Dataset records START

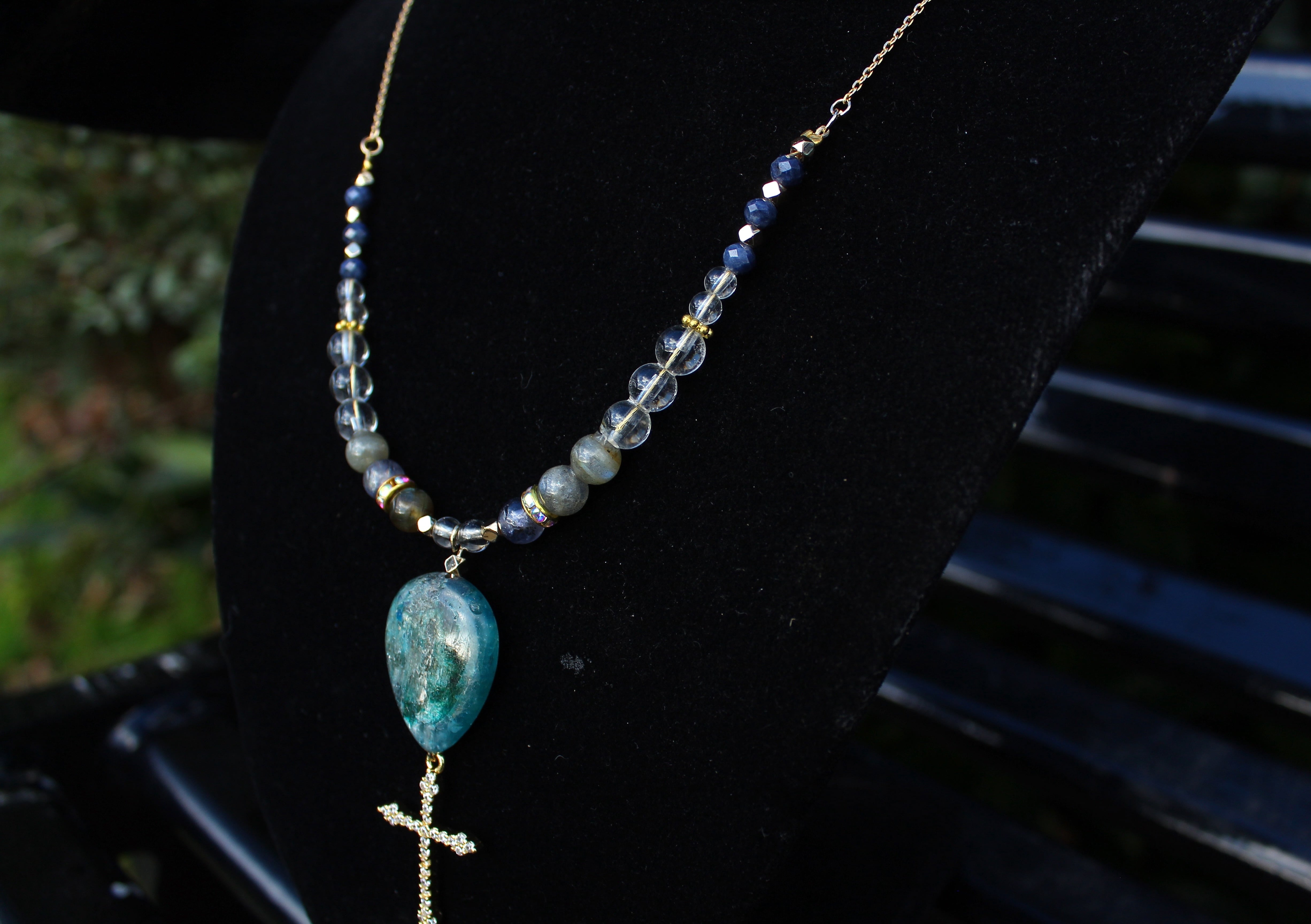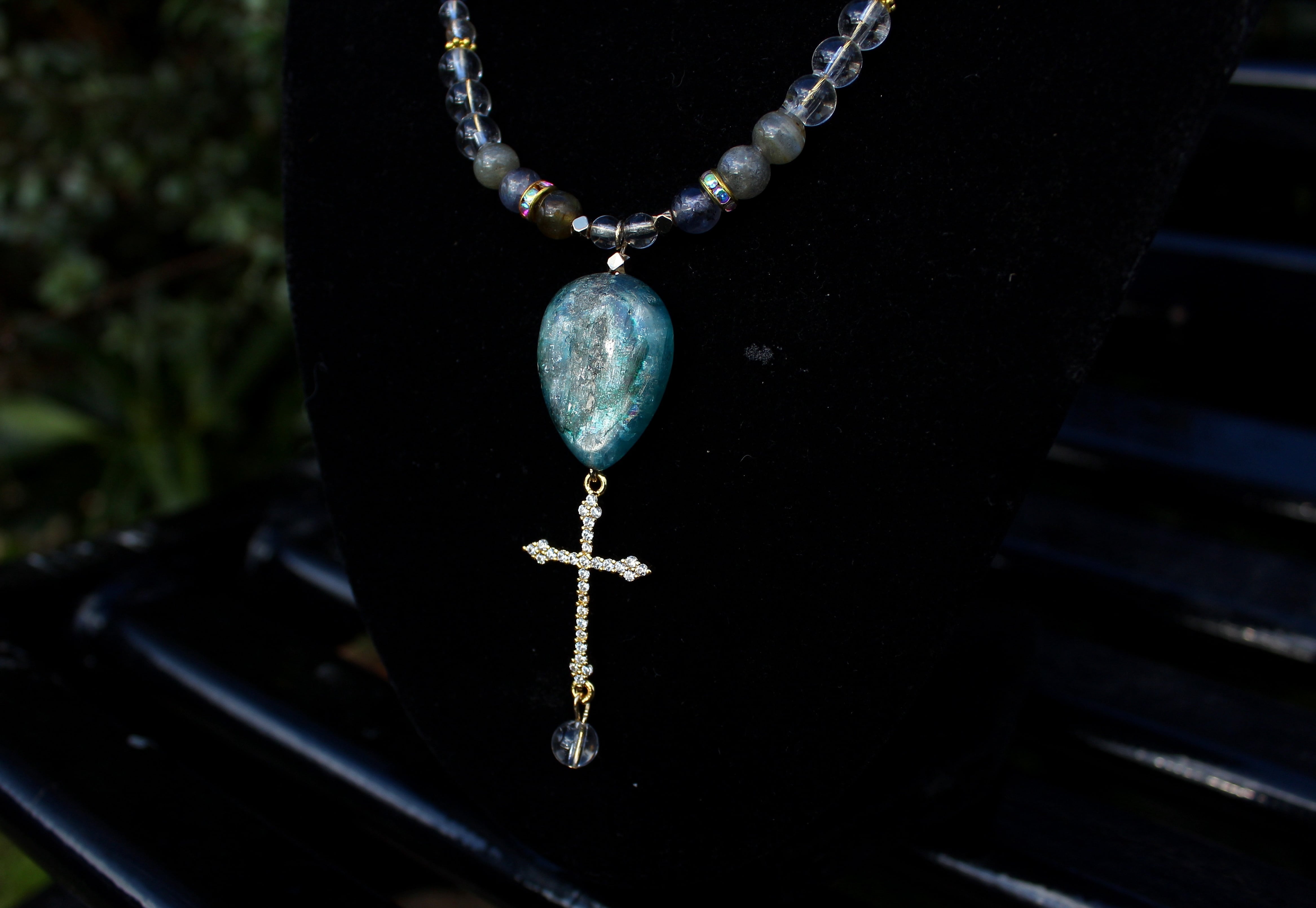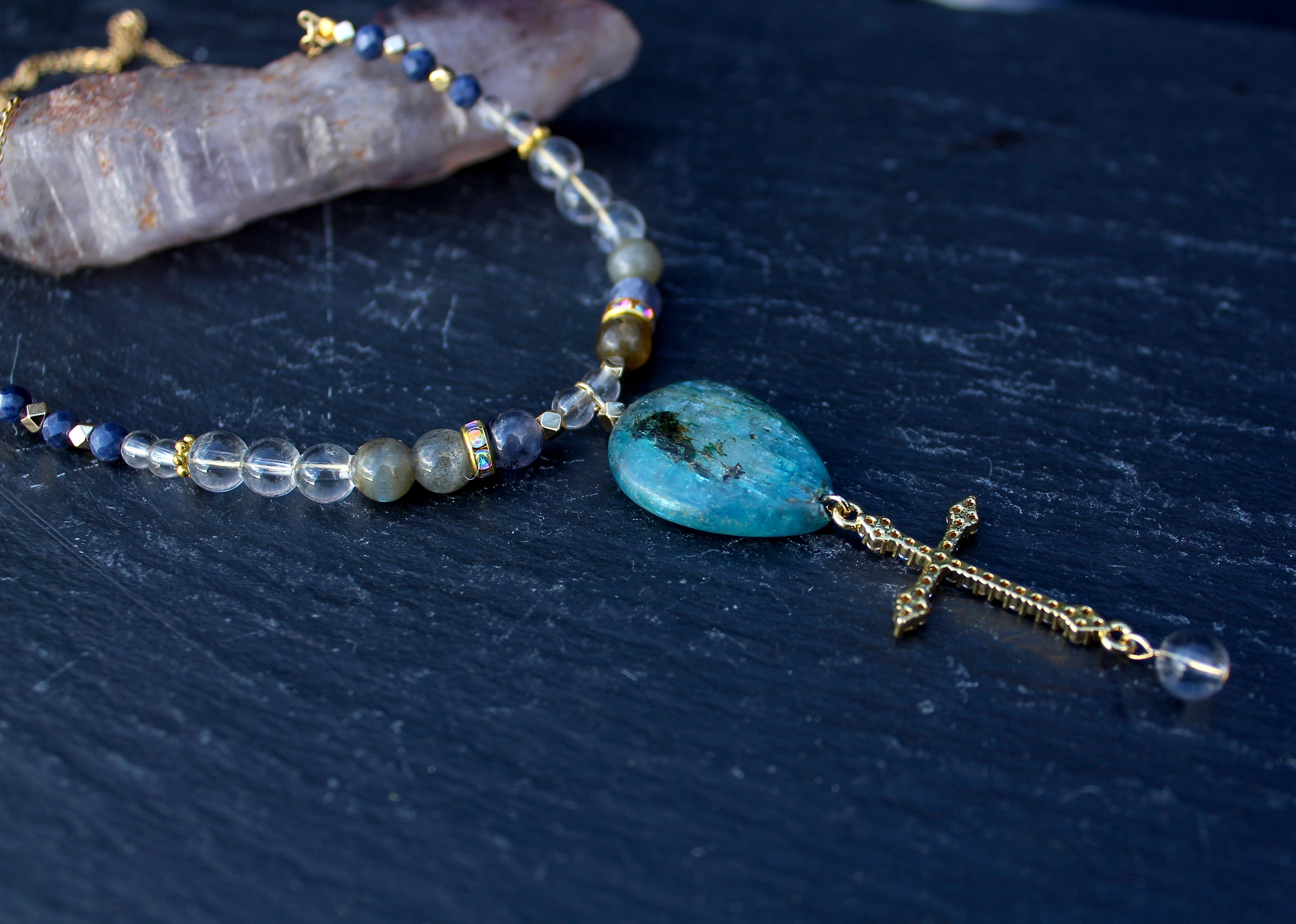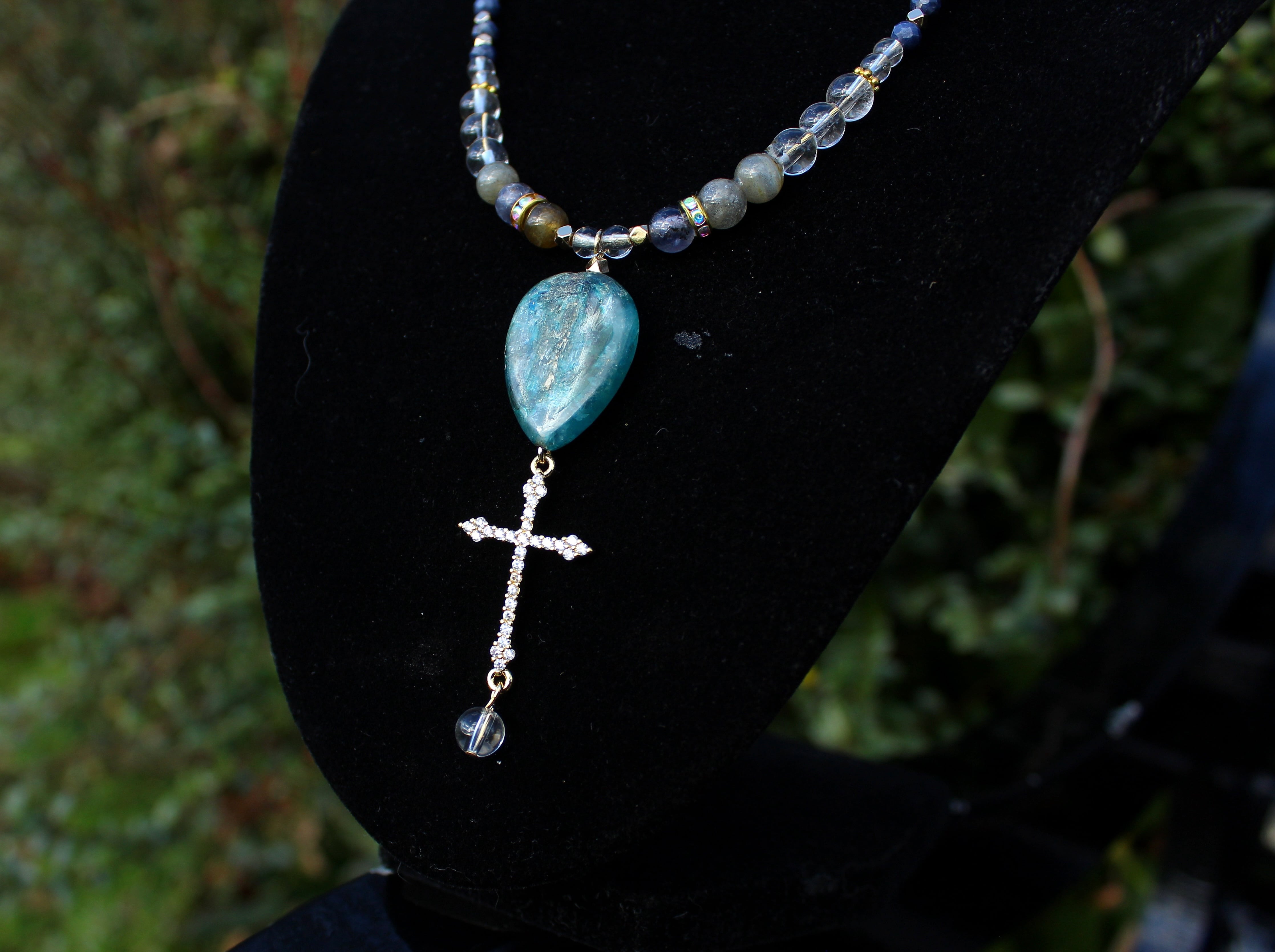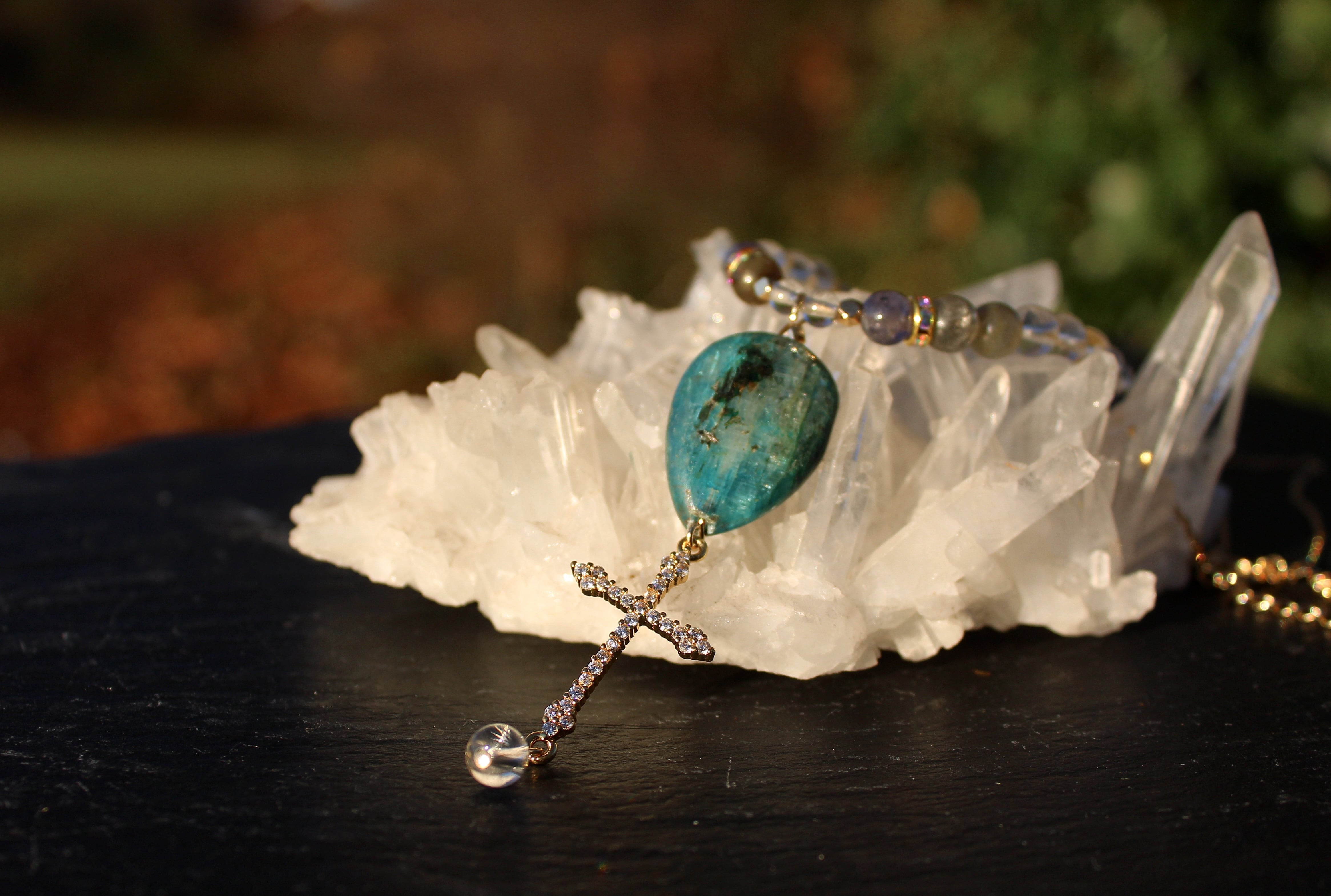 輝きが美しいブルーカイヤナイトのポリッシュに、キラキラのラインストーンが美しいクロスのパーツを組み合わせ、6ミリの水晶をつけました。
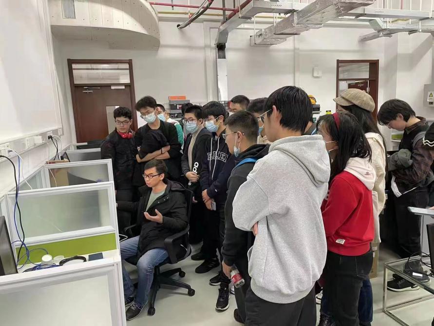 成庆荣在实验室为学弟学妹做介绍讲解
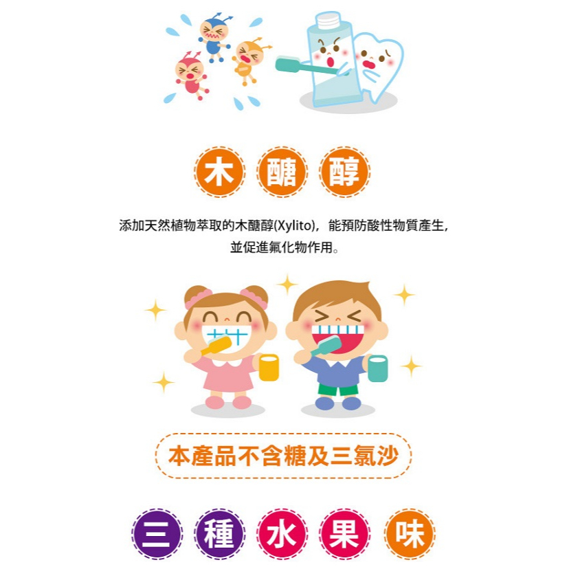 3 不含糖及三氯沙。 配合正確刷牙習慣,透過牙齒再礦化修護早期蛀牙之琺瑯質損傷。
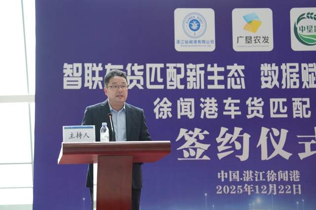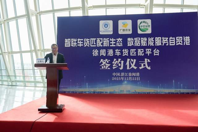 本报讯,2025年12月22日,湛江徐闻港有限公司与中垦晟世(佛山)科技有限公司“车货匹配平台”签约仪式隆重举行。仪式上,合作双方核心领导——徐闻港董事长张金虹、广垦农发集团董事长蔡杰、中垦晟世总经理谭凌分别发表重要讲话,深刻阐述了此次合作的战略意义、实施路径与未来愿景,共同为项目擘画了清晰蓝图,标志着粤琼物流大通道的数字化升级进入实质性共建阶段。
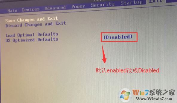 2、转到Exit,把OS Optimized Defaults设置为Disabled;
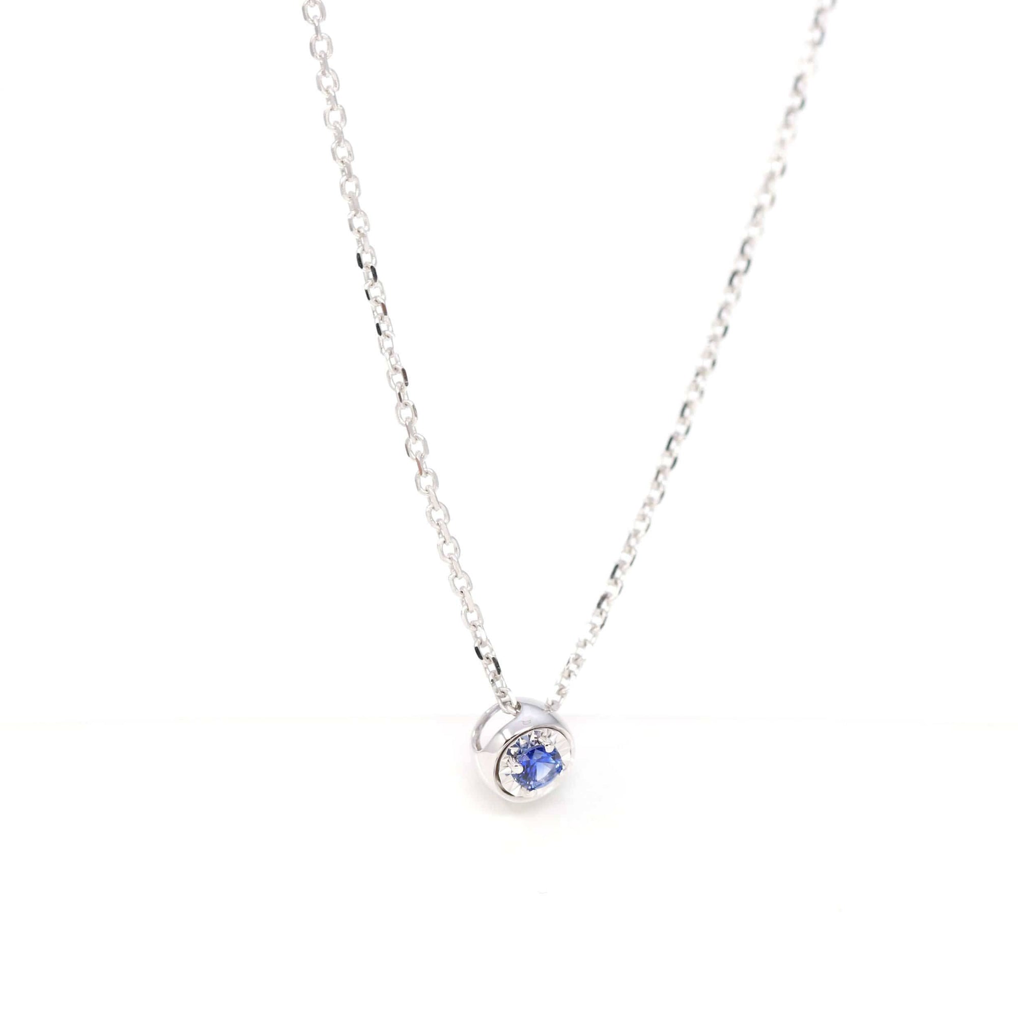 Baikalla™ 14k White Gold Sapphire Round 4 Prong Set Necklace With Diamond-Cut Halo
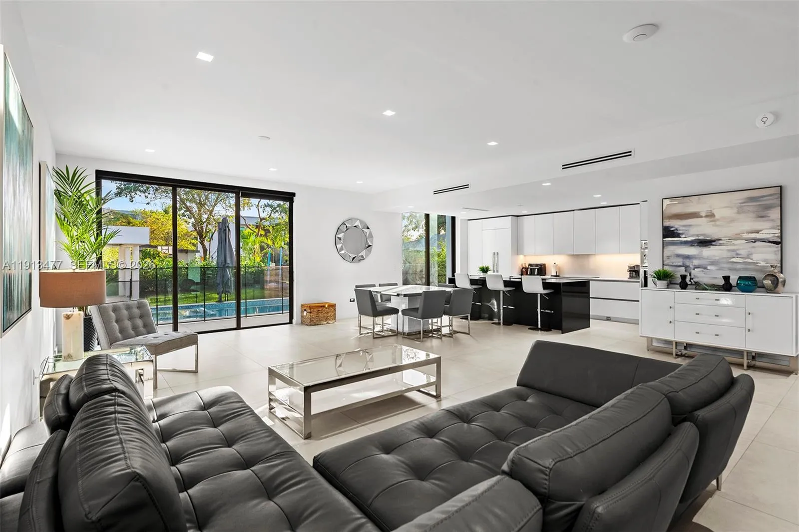 Experience modern luxury in this stunning 5-bed, 5-bath residence offering over 4,000 sq. ft. of elegant living space, perfectly situated between Aventura and North Miami. Ideal for families, and highly attractive for short-term rentals offering strong income potential. The home features open-concept interiors with spacious indoor and outdoor living areas, a contemporary chef’s kitchen with premium appliances, and high-end finishes throughout. The beautifully landscaped backyard showcases a private heated pool surrounded by lush greenery. Located within walking distance to multiple synagogues, and just minutes from the new Brightline Aventura Station and Greynolds Park. Additional highlights include a large carport accommodating multiple vehicles and an electric vehicle charging station

Dataset records END

Using the records above, return word for word the lines that begin at the one containing "本报讯,2025年12月22" and end at the one containing "Baikalla™ 14k White", both of them included and no pictures.

 本报讯,2025年12月22日,湛江徐闻港有限公司与中垦晟世(佛山)科技有限公司“车货匹配平台”签约仪式隆重举行。仪式上,合作双方核心领导——徐闻港董事长张金虹、广垦农发集团董事长蔡杰、中垦晟世总经理谭凌分别发表重要讲话,深刻阐述了此次合作的战略意义、实施路径与未来愿景,共同为项目擘画了清晰蓝图,标志着粤琼物流大通道的数字化升级进入实质性共建阶段。
 2、转到Exit,把OS Optimized Defaults设置为Disabled;
 Baikalla™ 14k White Gold Sapphire Round 4 Prong Set Necklace With Diamond-Cut Halo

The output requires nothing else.